No PII is logged in our system — only the query entity and risk result.
Webhook signatures verified via HMAC-SHA256 (Razorpay payments).
Third-Party Vendor Security

Every vendor we use. Exactly what they see.

Banks need to assess our vendor chain as part of third-party risk management.
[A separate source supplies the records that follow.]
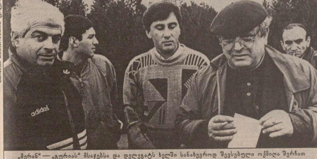
„მერან“ — „გურიას“ მსაჯებმა და დელეგატს ხელში სანახევროდ შევსებული ოქმიდა შერჩათ
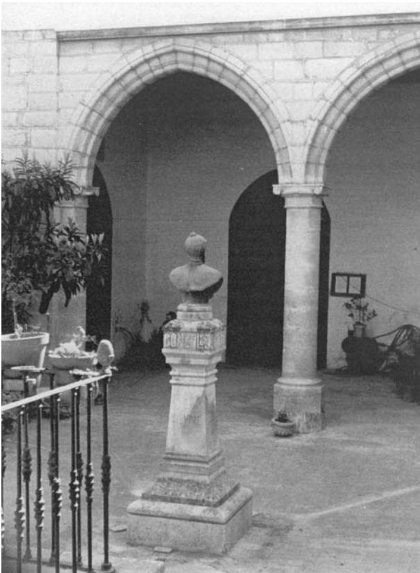
Santa Capilla de San Andrés, patio central y monumento al fundador

El testero se cierra con un retablo barroco de comienzos del XVIII. Lo preside un camarín con una preciosa talla de la Inmaculada bellamente policromada. Los laterales de la capilla se encuentran decorados con amplios lienzos pintados al óleo alusivos a la Virgen.
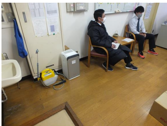
事務所内で毎日稼働、1日中ついている
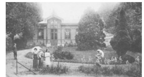
Zicht op de Schietstand aan de Brusselsepoort, veldzijde (begin 20e eeuw) - Leuven Weleer

Here it is in full — no vendor has access to more data than required for their specific function.

Railway.app
APPLICATION HOSTING · SINGAPORE
Hosts the Node.js/Express server and all application code
Region: AWS ap-southeast-1 (Singapore) — India-proximate
Env vars stored encrypted — never in code or logs
Auto-deploy from private GitHub repo only
No Railway employee has access to your query data
Neon (PostgreSQL)
DATABASE · AWS ap-southeast-1
Stores: fraud reports, entity DB, user accounts (bcrypt hashed), payments audit
Connection pooling — no direct DB port exposed publicly
Automatic daily backups · point-in-time recovery
SSL-only connections · TLS 1.3 in transit
SOC 2 Type II certified infrastructure
Razorpay
PAYMENTS · INDIA · RBI LICENSED
PCI-DSS Level 1 certified payment processor
RBI-licensed Payment Aggregator
FraudIntel never sees full card numbers — Razorpay handles all card data
Webhook signatures verified via HMAC-SHA256
Indian company — DPDP Act applicable
Resend
TRANSACTIONAL EMAIL
Sends only: account verification, password reset, billing alerts, API alerts
Receives: recipient email address + email content only
No fraud query data or user PII beyond email address shared
SPF + DKIM configured on fraudintel.in domain
Groq / Gemini API
AI INFERENCE · US-HOSTED
Used for: fraud text analysis and agent task generation only
Receives: anonymised fraud query text — no user PII, no account data, no payment data
Queries do not include: names, Aadhaar numbers, account numbers, or contact details
Data retention: zero-day policy requested on all inference calls
Fallback: if Groq unavailable, rule-based detection activates automatically
CallMeBot (WhatsApp)
ALERTING · OPTIONAL
Used only for admin fraud alert notifications — opt-in
Receives: alert text only — no user data, no payment data
Admin phone number stored only in Railway env vars
Can be disabled by removing CALLMEBOT_PHONE env var
Incident Response

What happens when something goes wrong.

CERT-In Directions 2022 mandate specific timelines. We exceed them. Here is the exact playbook triggered on any security incident.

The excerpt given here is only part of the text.